I've put a lot of thought into this scenario, purely coincidentally. At one point I was working on a second NFP story where someone is exposed to an older, more unstable version of NFP that behaves in a similar fashion: The victim first inflates dramatically, then gradually deflates. Different people have different maximum capacities. A person who receives less than the critical dose will eventually deflate and be fine for the most part. Above that dose, boom.

There are a couple of other errors in their solution, but they're purely matters of math geekery and not at all relevant to inflation.

Math...math......NFP sequel...math...math...Wait, what? NFP sequel??? :D

Wren

Inflate123
Inflate123's picture

Yeah, all I heard was "NFP sequel" and the verb "was" so let's focus on why that's past tense...?

LutherVKane
LutherVKane's picture

"NFP 2", as it's tentatively titled, is one of many stories in my vast and growing "In Progress" folder.

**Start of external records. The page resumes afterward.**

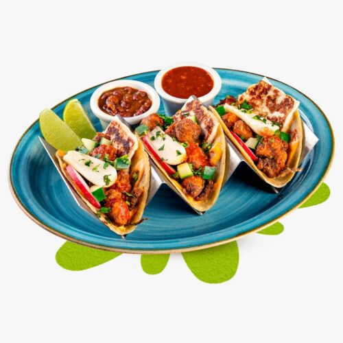 - TACOS DE CARNITAS DE PULPO: tortillas de maíz decoradas con nuestra salsa mayo chipotle y fresco pulpo sazonado con mezcla de especias y polvo de chiles, queso panela asado, cebollitas cambray taqueras, pepino y rábano. Acompañados de frijoles rancheros y salsa de chile de árbol.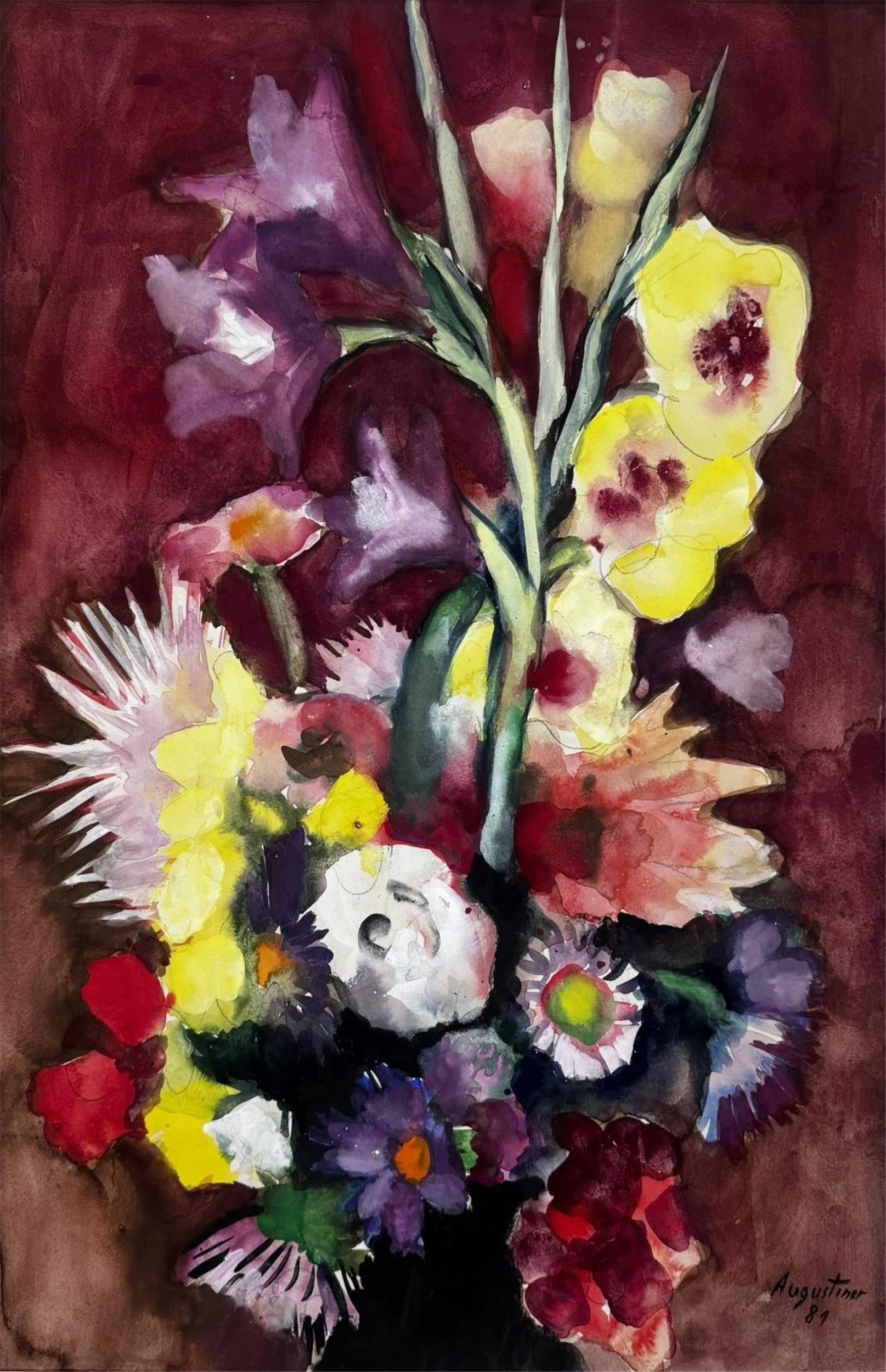 Gouache auf Papier, Sommerblumenstrauß, signiert Werner Augustiner (1922 – 1986), datiert 1981.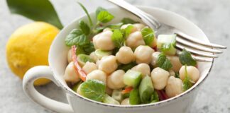 Μια έξοχη διατροφικά και γευστικά ιδέα που προμηθεύει στον οργανισμό με πολύτιμα στοιχεία. Η συνταγή για ρεβιθοσαλάτα με ντρέσινγκ από ταχίνι και λεμόνι είναι του σεφ Κωνσταντίνου Κωβαίου.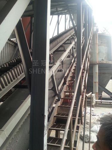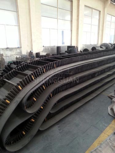 DJ型大倾角皮带转送机其结构是在平形橡胶运输带两侧粘上可自由伸缩的橡胶波形立式“裙边”,在裙边之间又粘有一定强度和弹性的横隔板组成匣形斗,使物料在斗中进行连续输送。可广泛用于煤炭、粮食、建材、化工、水电和冶金等部门,在环境温度为-15℃~+40℃范围内,输送堆积比重为0.5-2.5t/m3的各种散状物料。对于输送有特殊要求的物料,如高温,具有酸、碱性、油类物质或有机溶剂等成分的物料,需采用特殊的挡边输送带,输送倾角0°~90°范围内。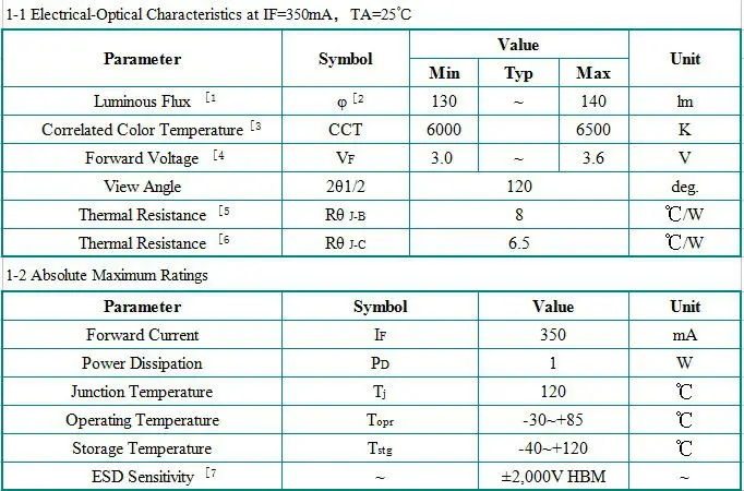Luminous Flux :160-170lm for 1w, 240-160lm for 3w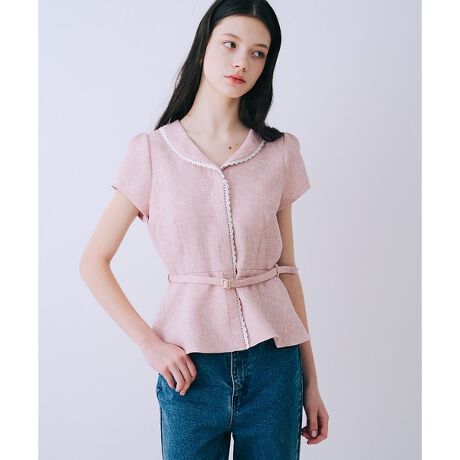 ツイードベルト付半袖ペプラムブラウス【予約】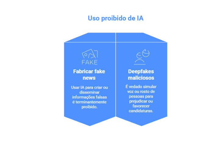 - Deepfakes maliciosos: É vedado simular voz ou rosto de pessoas para prejudicar ou favorecer candidaturas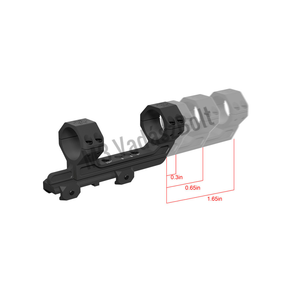 A szerelék 0,3", 0,65" és 1,65" előrenyúlási beállítási lehetőséget kínál, így bármilyen távcsőhöz és lövészstílushoz tökéletesen igazítható.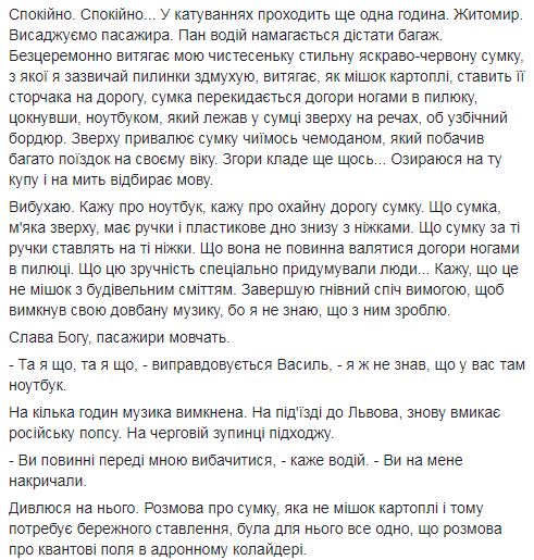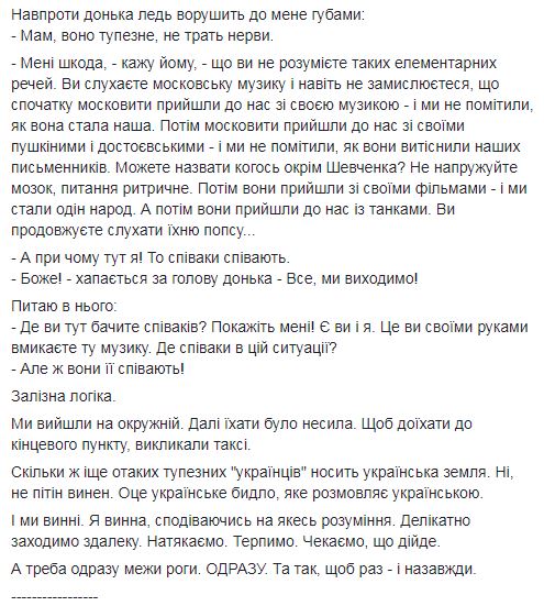 "Мне жаль, - говорю ему, - что вы не понимаете таких элементарных вещей. Вы слушаете московскую музыку и даже не задумываетесь, что сначала московиты пришли к нам со своей музыкой - и мы не заметили, как она стала наша. Затем московиты пришли к нам со своими Пушкиным и Достоевским - и мы не заметили, как они вытеснили наших писателей. Можете назвать кого-то кроме Шевченко? Не напрягает мозг, вопрос риторический. Затем они пришли со своими фильмами - и мы стали "один народ". А потом они пришли к нам с танками. Вы продолжаете слушать их попсу", - обратилась писательница к водителю.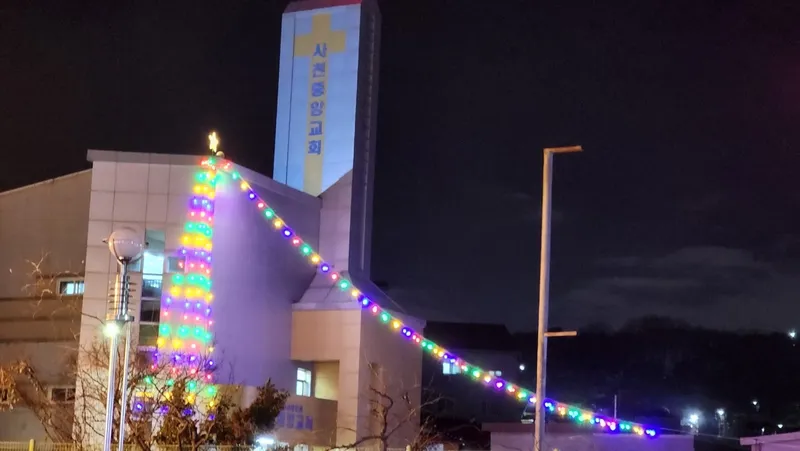 크리스마스 시즌을 맞이하여 옆의 교회는 반짝반짝 예쁘게 꾸며놓았습니다.

I have a pretty consistent record of finishing one story for every three that I start. It's frustrating, but after a decade or so you kinda get used to it.

I started on it a long time ago, and it's been through a few transformations. It's fairly dark as my stories go. A scientist is exposed to a lethal dose of NFP-2. There's no known antidote, and unless the lab crew can find a cure in a few hours she'll inflate and explode. I like the concept and have a rough idea of how it should go, but so far I haven't been able to bring it together into a coherent story. I haven't abandoned it, but for now it sits on the rather crowded back burner.